Michael, you should always be aware of photo mag fluff or website piffle; just because they keep saying that doesn't make it true. The 50mm lens has been a staple of 35mm photography for historical reasons and it all started with Leica – when Zeiss and the rest weighed in they produced the same recipe of 35mm film bodies with 50mm lenses as the standard package. I presume 50mm was chosen because it gave a useful angle of view without being too difficult to design and make. Fast forward to the heyday of 35mm film cameras and they all came with, or offered a choice of 50mm or near-50mm lenses. Canon, Nikon, Pentax, Contax, Yashica, Minolta, Leica, you name it, they all had a 50ish standard lens, even the Soviet era Zenit-E with the 58mm Helios.
Some say the fifty most closely approximates the view of the human eye, but that's a simplistic answer to a complex question: we can see much wider than 90 degrees but what our attention is on might occupy only a few degrees. Try this – stand 30 feet from the back of a car, look fixedly at a brake light and try to read the number plate: you can't do it, but a 50mm lens on film or full frame easily resolves both in a single photo. Alternatively, try photographing a clear, moonless night sky with a standard lens and you'll get a disappointingly narrow section of the expanse your eye easily appreciates.

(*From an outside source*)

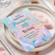 You are cordially invited to a pink, purple, and blue mermaid party in honour of Penelope's 2nd birthday! We will have a splash-tastic time with mermaid-themed activities, snacks, and decorations!

In film days I carried a bag with 24, 35, 50, 105 and 200mm lenses for my Spotmatics but the lens I used most was easily the 35mm, the least used was the 50. Nowadays I shoot APS-C and although I have a film-era 50mm f/1,7 SMC-M in a corner somewhere, it's hardly ever used since it's usually not wide or long enough for what I look at to photograph. I keep it in case I want to focus pretty close, but I generally wouldn't miss it if left in the cupboard. The 35-105 A is easily my most used lens, often at around 70mm.

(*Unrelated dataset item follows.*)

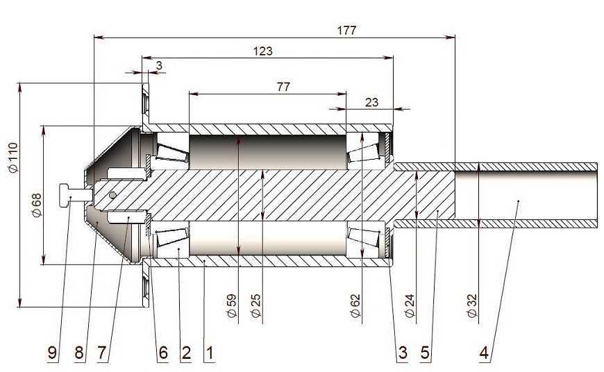 Чертеж любой ступицы достаточно прост для понимания. Труба колесной оси (4) и вал (5) соединяются посредством сварки. Пара роликоподшипников (2) хорошо и надежно защищена от попадания песка и пыли со стороны оси (4) с помощью защитной шайбы (3), а со стороны гайки (7) посредством специального колпака (8), который вставляется в корпус с натягом.

Some photographers love the fifty, others don't, and buying a lens because a magazine says you must have one is silly. We don't all concentrate our efforts on bokeh-filled portraiture, so we don't all have 85mm f/1.4 lenses, do we? Nor do we all leave a 12mm ultrawide permanently fixed to capture another epic ultrawide puddle-and-mountains-at-sunset image. Get the lens you have a use for.